Providence occurs even in a pandemic. The anticipated event of this Broadway season was to have been the opening night of the New York premiere of the gender-revised version of “Company” on March 22, Stephen Sondheim’s actual birthday. The coronavirus foiled all that. Instead, weeks later, on April 27 — exactly 50 years and one day after the Broadway premiere of the original “Company” — Broadway’s greatest talents, under the producing hand of host Raul Esparza, celebrated the master’s birthday in a live-streamed tribute performance.
The show was as much a testimonial to the enduring power of Sondheim’s work as it was an affirmation of musical theater as part of life as we have known it.

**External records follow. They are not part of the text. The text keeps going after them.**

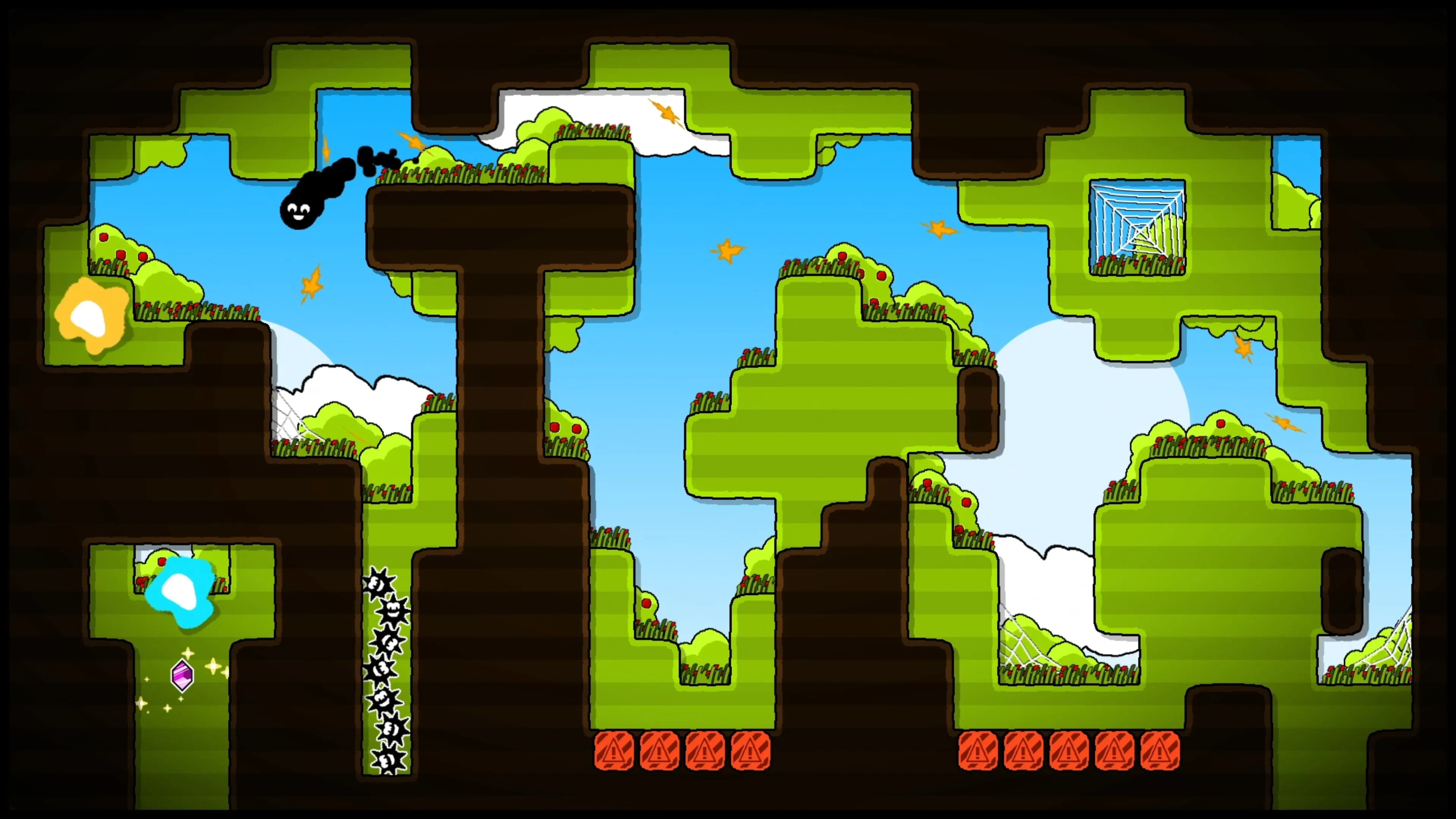 Ayuda a este pequeño desastre a alcanzar el cristal brillante en todos los niveles de este explosivo puzle de plataforma.
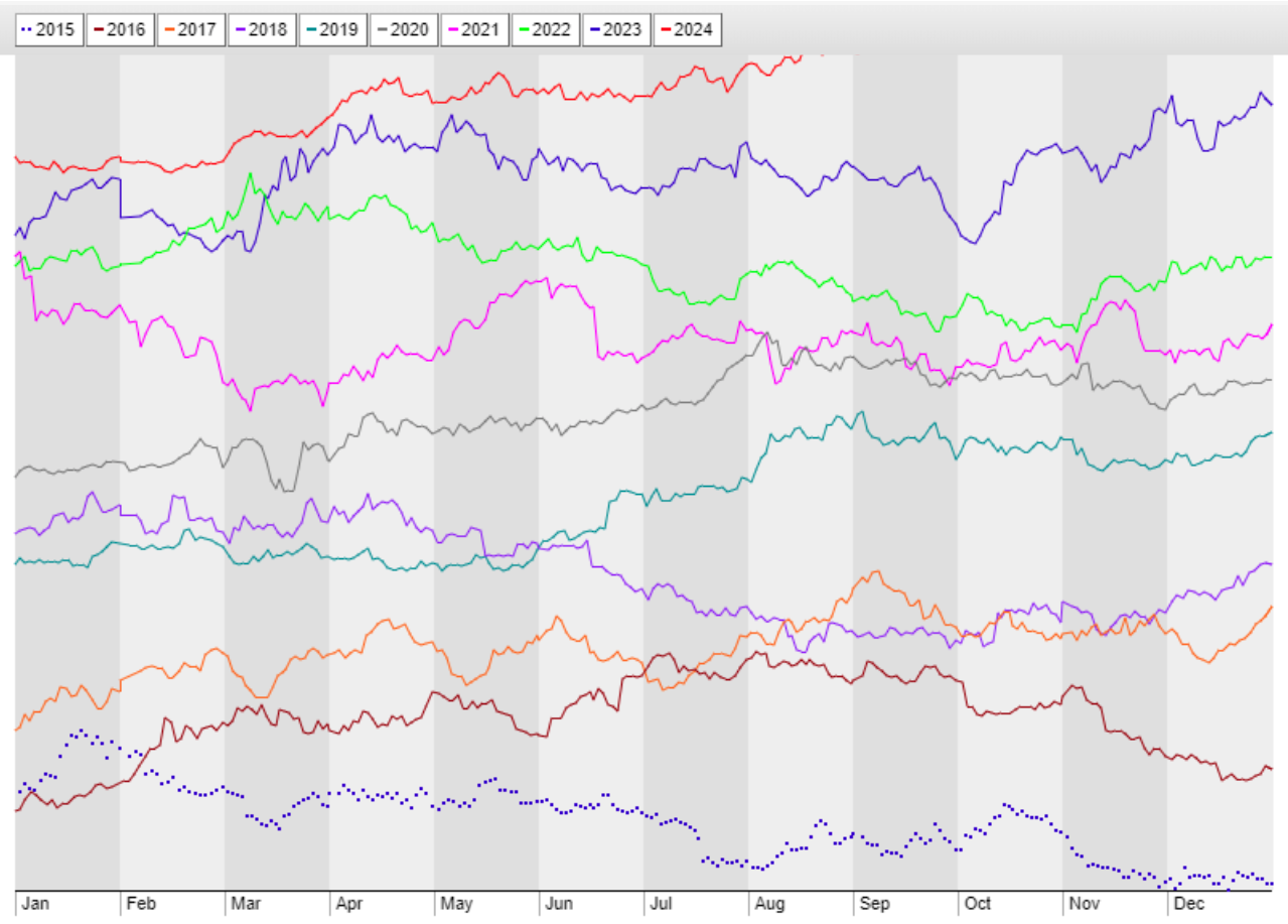 据观察,10月收盘价高于开盘价的概率为56%。然而,价格图通常显示出盘整模式。由于2024年9月表现强劲,10月上半月价格强劲上涨,随后出现价格调整,这可能在2024年第四季带来风险。因此,2024年最后一季(10月或11月)可能会出现调整,但这次价格调整可能会导致2024年12月及次年价格强劲上涨。
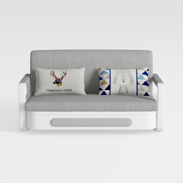 The seat, draped in a soft, light-grey fabric, invites relaxation with its supple texture, as if crafted from a premium linen blend that offers a satisfyingly plush yet breathable feel. The contrasting white armrests, smooth and slightly rounded, add a crisp, contemporary edge, while the overall silhouette remains uncluttered, letting the decorative pillows take center stage. One features a whimsical deer illustration paired with the phrase “Happiness ticket,” the other a playful geometric pattern with a cat motif—each infusing the design with personality without sacrificing its calm, cohesive vibe.
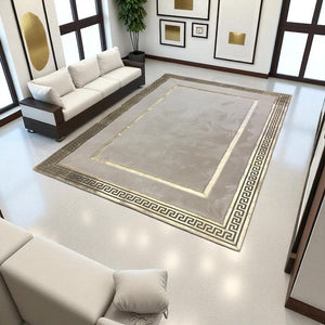 Altın desenleriyle süslenen bu peluş halı, lüks ve klasik stil arayanlar için özel olarak tasarlanmıştır.
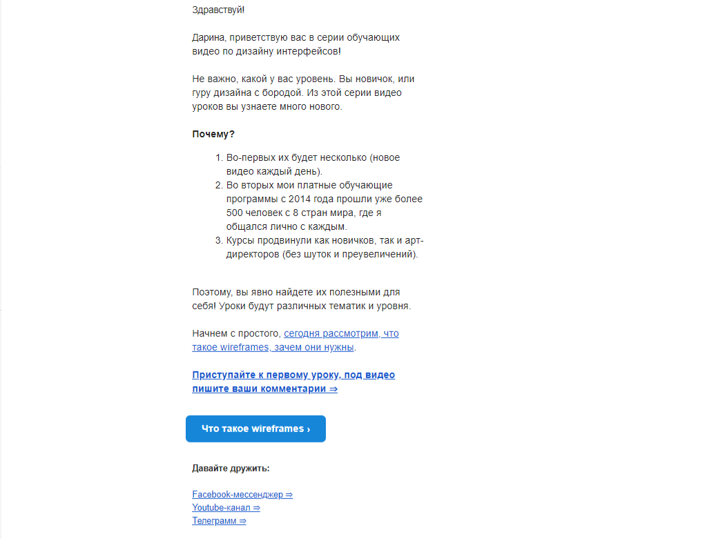 На наступний день по учасникам вебінару роблять розсилку, в якій повідомляють про старт серії навчальних відео для вивчення дизайну інтерфейсів.
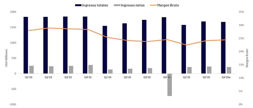 - Las acciones de GlobalFoundries acumulan una caída del -17% YTD, situación que refleja la preocupación del mercado por la debilidad persistente en el segmento de Smart Mobile Devices, el cual representa cerca del 40% de los ingresos. Un prolongado período de sobreoferta, junto con la corrección de inventarios en clientes clave y una creciente presión sobre los precios en los contratos, impactaron negativamente en la dinámica de los resultados.
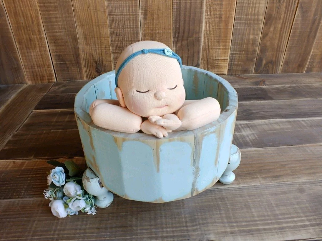 Tina de madeira com pés torneados, e acabamento em pátina (pintura desgastada), que deixa a peça linda, muito versátil e com estilo vintage. Para uso em composições de fotografia newborn e acompanhamento.

Indeed, the title of the show, “Take Me to the World” from Sondheim’s early “Evening Primrose” — a haunting plea for normalcy from a young woman who has been sheltered inside for 13 years — couldn’t be any more metaphorically apt.

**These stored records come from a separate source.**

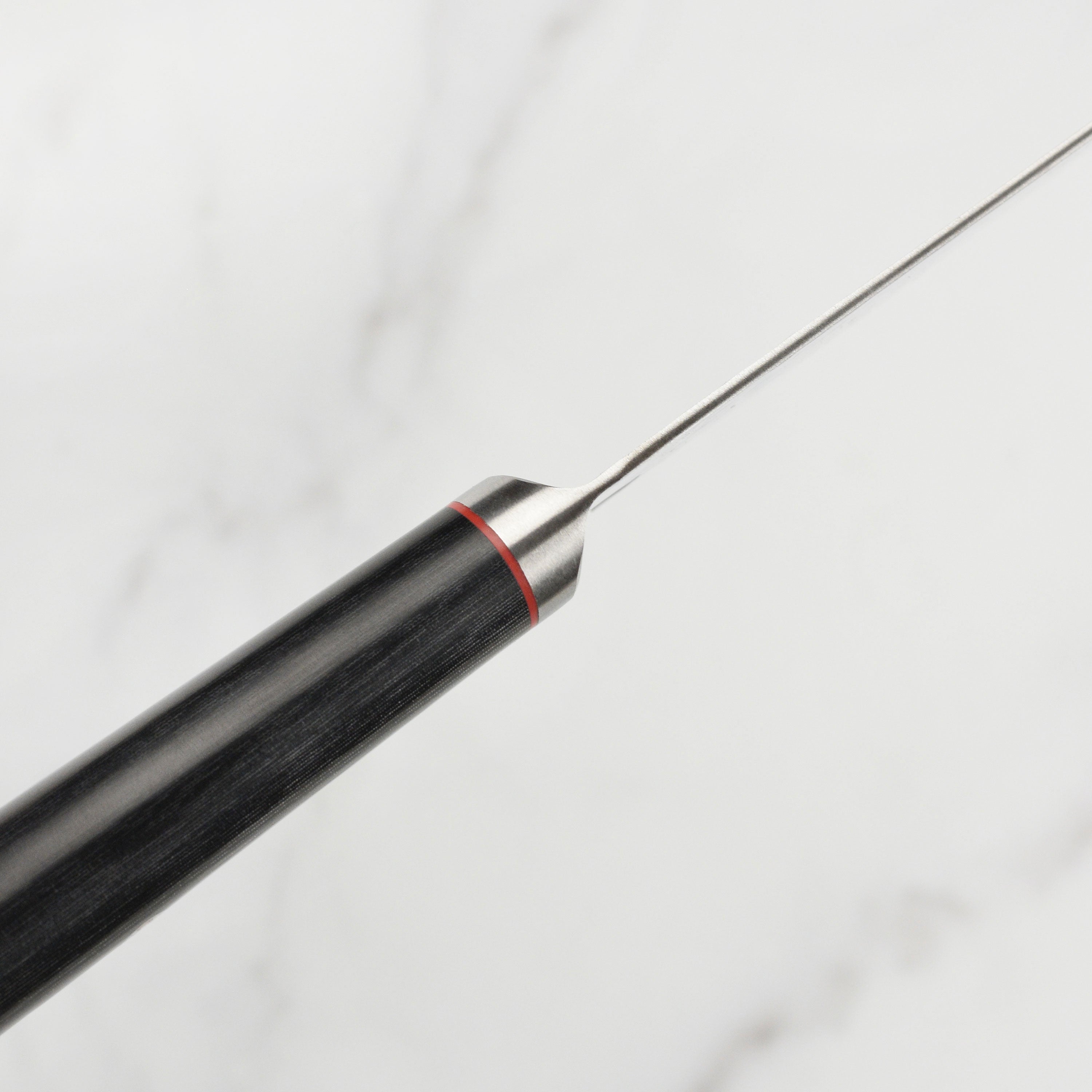 - Traditional Japanese blade hand-honed to a 9 to 12° angle
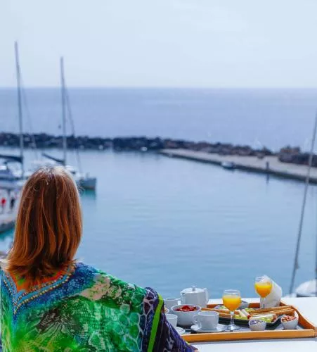Dimensiuni: 22 mp Numar de camere: 4 camere Oferind vedere panoramică la Marea Egee și la portul de agrement de la balcon, această cameră elegantă include 1 pat dublu încorporat și o baie cu duș.
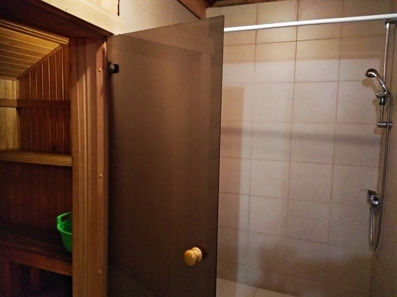 На первом этаже расположена уютная сауна с отдельной душевой зоной. Выдаются лицевые полотенца.
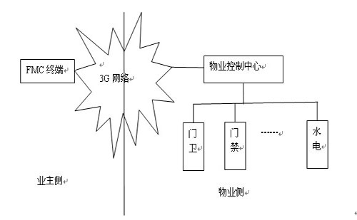 如何實現(xiàn)由業(yè)主決定是否讓來訪者進(jìn)入小區(qū)呢?利用FMC技術(shù)實現(xiàn)小區(qū)的物業(yè)管理(為了敘述方面,簡稱為FMC小區(qū)),就能容易解決。下圖為FMC小區(qū)的拓?fù)浣Y(jié)構(gòu)圖。
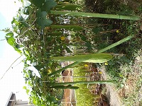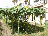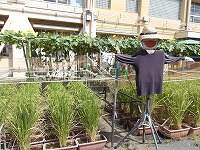 南校舎と体育館の間に畑があり、毎年様々な作物が育てられています。今年も、理科の学習で使用するへちまが大きく実りました。隣のプランターでは、5年生が植えた稲が、用務員さんお手製の案山子に見守られて、青々とした緑から黄金色に稲穂の色が変わってきました。実際に育てたり、収穫したりする活動を通して、子ども達の理解や気づきが深まる学習にしていきたいです。

After a rocky start (technical difficulties in uploading the live program to platforms Broadway.com and YouTube), the two-hours-and-twenty-minutes-long tribute began fittingly with composer Steven Schwartz on piano with the magisterial prologue from “Follies” followed by the upbeat, brass-laden overture from “Merrily We Roll Along” (with 21 musicians in the Brady-Bunched matrix we now know all too well from Zoom).

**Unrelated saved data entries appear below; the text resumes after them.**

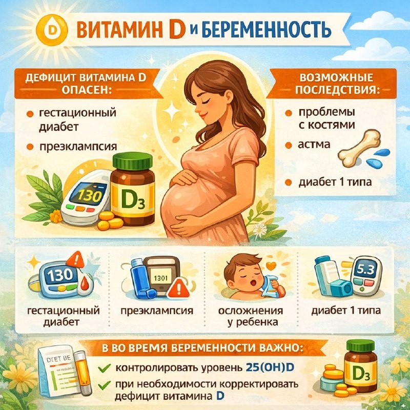 Дефицит витамина D во время беременности встречается очень часто. По данным эпидемиологических исследований, недостаток витамина D выявляется у 20–85% беременных женщин в зависимости от страны проживания, образа жизни и социальных факторов. И это важно, потому что витамин D влияет не только на костную систему, но и на метаболизм, иммунитет и течение беременности. 🦴 Влияние на здоровье матери и плода Дефицит витамина D во время беременности может: • ухудшать состояние костной ткани матери • нарушать формирование скелета плода • повышать риск осложнений беременности Исследования показывают, что недостаток витамина D связан с: ⚠️ повышенным риском преэклампсии ⚠️ инсулинорезистентностью ⚠️ гестационным сахарным диабетом (ГСД) ⚠️ макросомией плода (крупный плод) 🍬 Витамин D и гестационный диабет Активная форма витамина D — 1,25(OH)₂D₃ — участвует в регуляции секреции инсулина β-клетками поджелудочной железы. Это означает, что витамин D влияет на: • уровень глюкозы крови • чувствительно
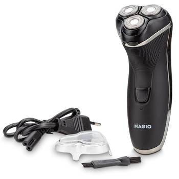 Электробритва MG-686 для влажного и сухого бритья с тремя подвижными бритвенными головками обеспечит идеальный результат за счет плотного прилегания вращающихся лезвий к коже. Эта модель роторной бритвы с качественными двойными лезвиями и системой повторения контуров лица деликатно относится к коже. Аккумулятора после 8-ми часовой зарядки хватает на 45 минут автономной работы. Ухаживать за бритвой проще простого, достаточно просто промыть ее режущий блок под проточной водой не более 5-ти секунд. Три плавающих головки, триммер для подравнивания висков, эргономичная рукоятка делают использование прибора комфортным и безопасным.
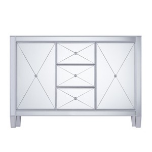 Reflect your glamorous side. Bathed in glistening silver from head to toe, this storage cabinet contains three stacked drawers and two spacious cabinets for a maximum amount of concealed organization. Chic details, such as crystal knobs, scored mirrors, and matte silver trim evoke Hollywood regency opulence. Add this elegant cabinet to your dining or living room and let your style stand out.
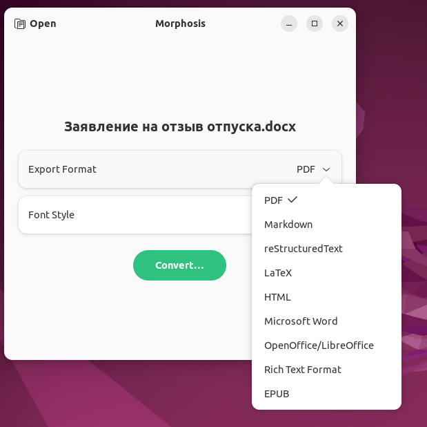 В случае с Linux можно установить бесплатное приложение Morphosis, которое позволяет просто загрузить документ, выбрать формат конвертации и получить результат.

The 31 songs that followed, mostly prerecorded by performers from their homes and most with piano or keyboard accompaniment, were skillfully curated into a whole that reflected the temper of the times. And the collective performances may well make this concert (we should really call it that), if not the best, then certainly among the best Sondheim reviews — and over the decades, there have been many.
There’s nothing like being at the theater, seeing performances like this life, but — whether out of our emotional need or the necessity of the crisis — as Sondheim writes in “With So Little to Be Sure Of”: “We had a moment, a wonderful moment.”
The Sondheim tribute should still be available On Broadway.com and YouTube. Stay past the credits: Dozens of members of the Broadway community, on multiples of screens, from multiples of locations, separated by the times come together in unison for “I’m Still Here.” Sondheim’s legacy endures, as does the musical theater his work forever informs.